_Given records_:

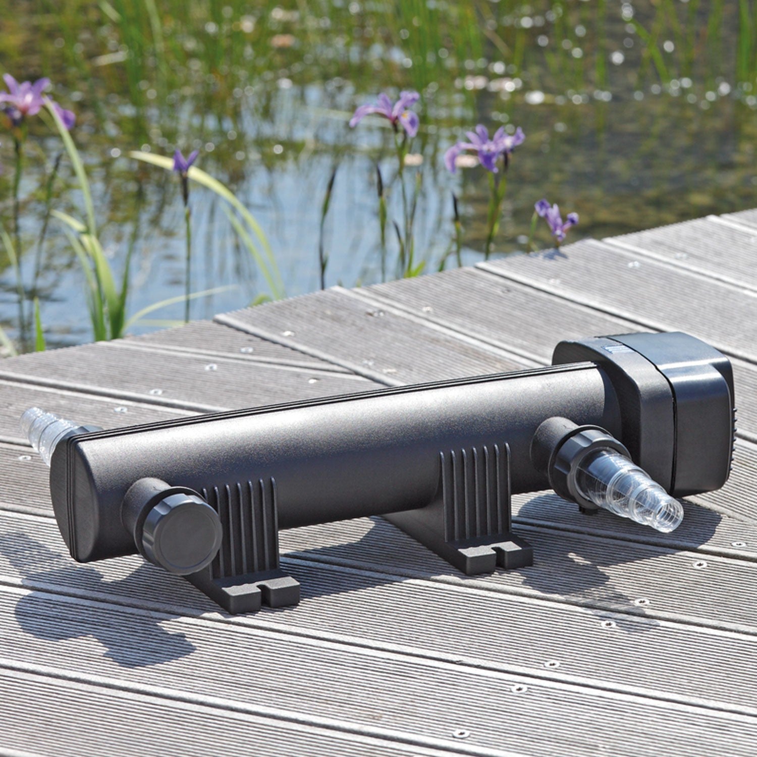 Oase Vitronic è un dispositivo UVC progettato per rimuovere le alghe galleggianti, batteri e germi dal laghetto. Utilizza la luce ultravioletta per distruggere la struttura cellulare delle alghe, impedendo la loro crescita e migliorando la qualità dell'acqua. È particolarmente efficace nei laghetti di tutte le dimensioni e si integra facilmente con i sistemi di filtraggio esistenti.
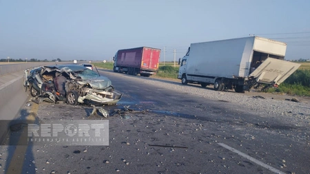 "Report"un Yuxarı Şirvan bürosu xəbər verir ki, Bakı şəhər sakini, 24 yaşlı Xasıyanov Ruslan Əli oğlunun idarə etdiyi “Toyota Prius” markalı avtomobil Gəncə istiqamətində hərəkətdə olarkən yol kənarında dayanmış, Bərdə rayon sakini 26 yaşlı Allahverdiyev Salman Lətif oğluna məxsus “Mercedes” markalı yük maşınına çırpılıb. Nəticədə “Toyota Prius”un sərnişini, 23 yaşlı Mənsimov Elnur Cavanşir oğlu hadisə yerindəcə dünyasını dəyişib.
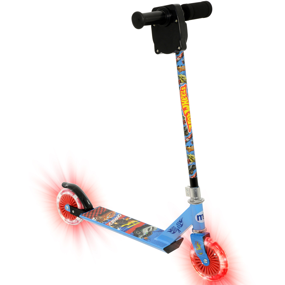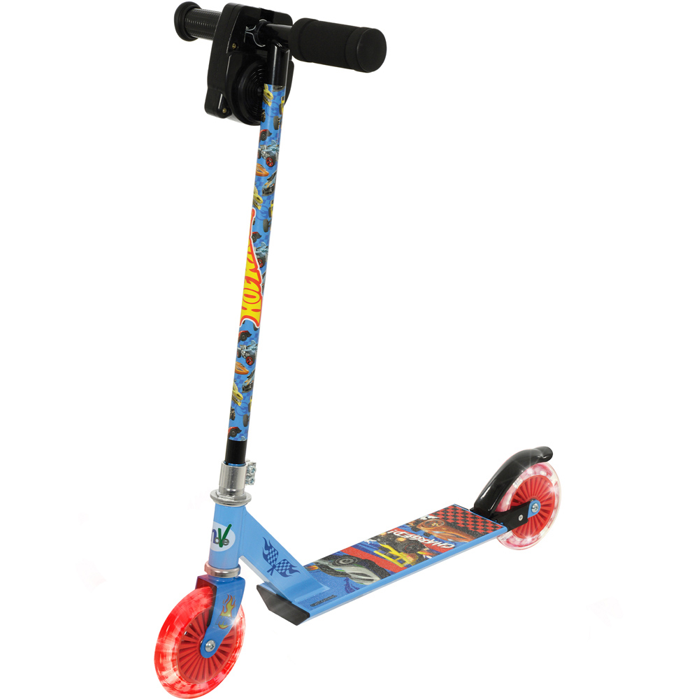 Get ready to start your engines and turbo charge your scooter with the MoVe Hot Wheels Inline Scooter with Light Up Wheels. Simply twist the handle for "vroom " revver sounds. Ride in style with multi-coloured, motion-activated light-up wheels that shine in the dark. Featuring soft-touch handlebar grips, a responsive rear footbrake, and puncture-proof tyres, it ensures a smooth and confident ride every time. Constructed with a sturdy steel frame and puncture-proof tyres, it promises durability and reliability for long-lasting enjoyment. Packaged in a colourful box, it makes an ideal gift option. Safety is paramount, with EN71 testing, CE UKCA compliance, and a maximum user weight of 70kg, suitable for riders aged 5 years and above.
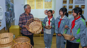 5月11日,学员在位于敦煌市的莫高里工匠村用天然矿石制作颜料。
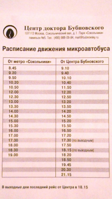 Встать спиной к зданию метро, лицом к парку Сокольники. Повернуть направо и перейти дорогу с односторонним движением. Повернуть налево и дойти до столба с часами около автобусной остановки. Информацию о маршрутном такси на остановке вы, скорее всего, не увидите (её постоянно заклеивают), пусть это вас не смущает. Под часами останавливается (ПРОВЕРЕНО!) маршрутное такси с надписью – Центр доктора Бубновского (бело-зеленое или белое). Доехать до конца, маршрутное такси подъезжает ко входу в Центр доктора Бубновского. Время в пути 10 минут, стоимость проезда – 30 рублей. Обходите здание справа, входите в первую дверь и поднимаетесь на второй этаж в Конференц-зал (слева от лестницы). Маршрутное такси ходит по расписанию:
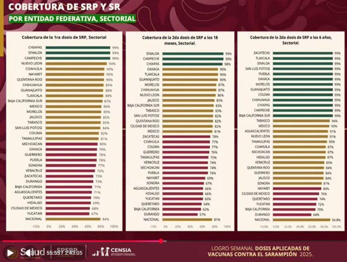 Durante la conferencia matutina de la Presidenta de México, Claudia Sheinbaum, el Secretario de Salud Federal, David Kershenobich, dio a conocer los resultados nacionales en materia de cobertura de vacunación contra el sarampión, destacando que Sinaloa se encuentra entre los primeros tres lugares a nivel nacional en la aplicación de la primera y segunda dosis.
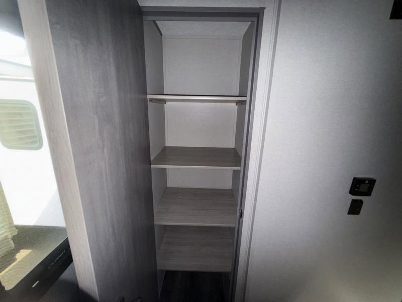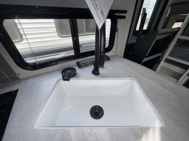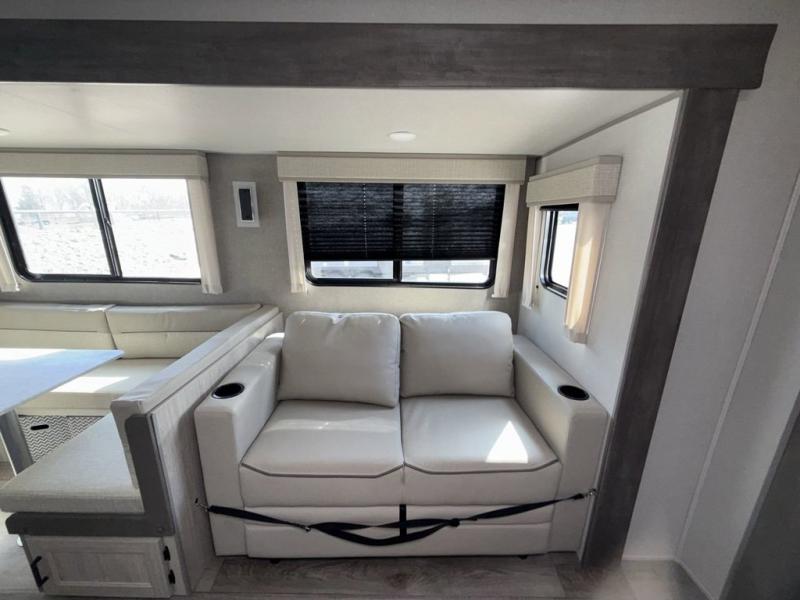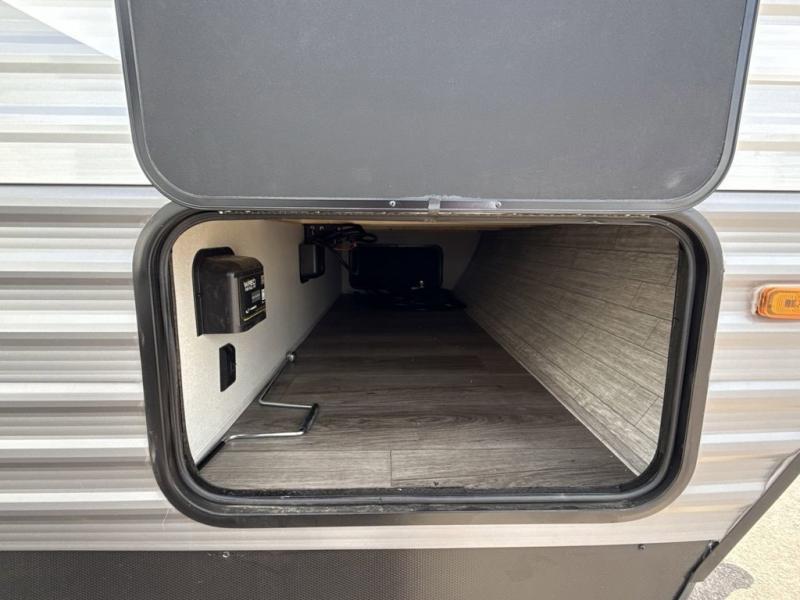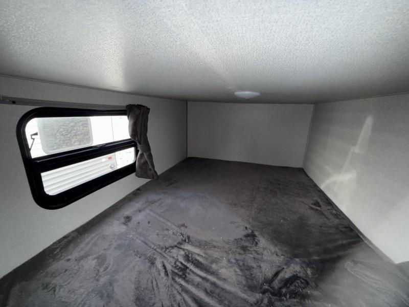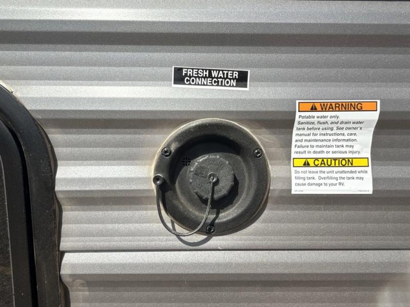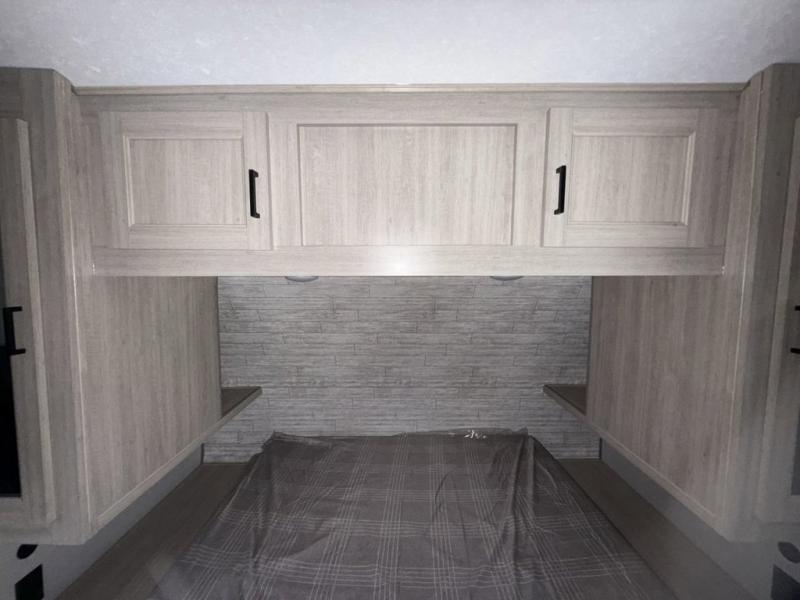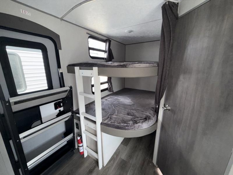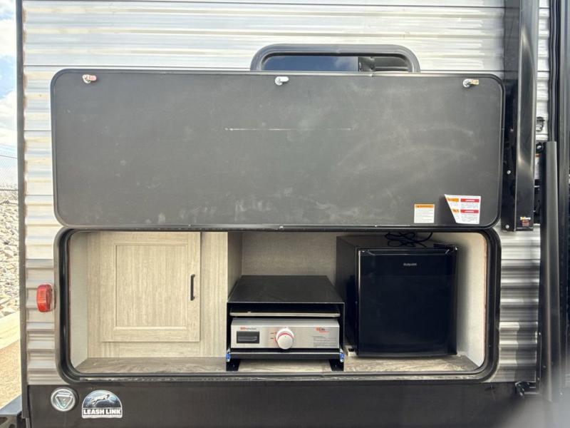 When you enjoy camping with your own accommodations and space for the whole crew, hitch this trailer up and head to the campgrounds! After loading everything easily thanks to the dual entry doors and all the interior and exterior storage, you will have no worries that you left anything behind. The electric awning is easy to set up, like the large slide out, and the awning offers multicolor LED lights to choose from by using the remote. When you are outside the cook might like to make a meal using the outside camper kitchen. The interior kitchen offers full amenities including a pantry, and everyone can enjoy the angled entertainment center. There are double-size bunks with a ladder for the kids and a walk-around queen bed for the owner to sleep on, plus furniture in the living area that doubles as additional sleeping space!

_Instructions for the task_: Word for word, give again the lines from the first entry to the line with "yerindəcə dünyasını dəyişib.", inclusive. Exclude the pictures.

_Result for this exercise_:
 Oase Vitronic è un dispositivo UVC progettato per rimuovere le alghe galleggianti, batteri e germi dal laghetto. Utilizza la luce ultravioletta per distruggere la struttura cellulare delle alghe, impedendo la loro crescita e migliorando la qualità dell'acqua. È particolarmente efficace nei laghetti di tutte le dimensioni e si integra facilmente con i sistemi di filtraggio esistenti.
 "Report"un Yuxarı Şirvan bürosu xəbər verir ki, Bakı şəhər sakini, 24 yaşlı Xasıyanov Ruslan Əli oğlunun idarə etdiyi “Toyota Prius” markalı avtomobil Gəncə istiqamətində hərəkətdə olarkən yol kənarında dayanmış, Bərdə rayon sakini 26 yaşlı Allahverdiyev Salman Lətif oğluna məxsus “Mercedes” markalı yük maşınına çırpılıb. Nəticədə “Toyota Prius”un sərnişini, 23 yaşlı Mənsimov Elnur Cavanşir oğlu hadisə yerindəcə dünyasını dəyişib.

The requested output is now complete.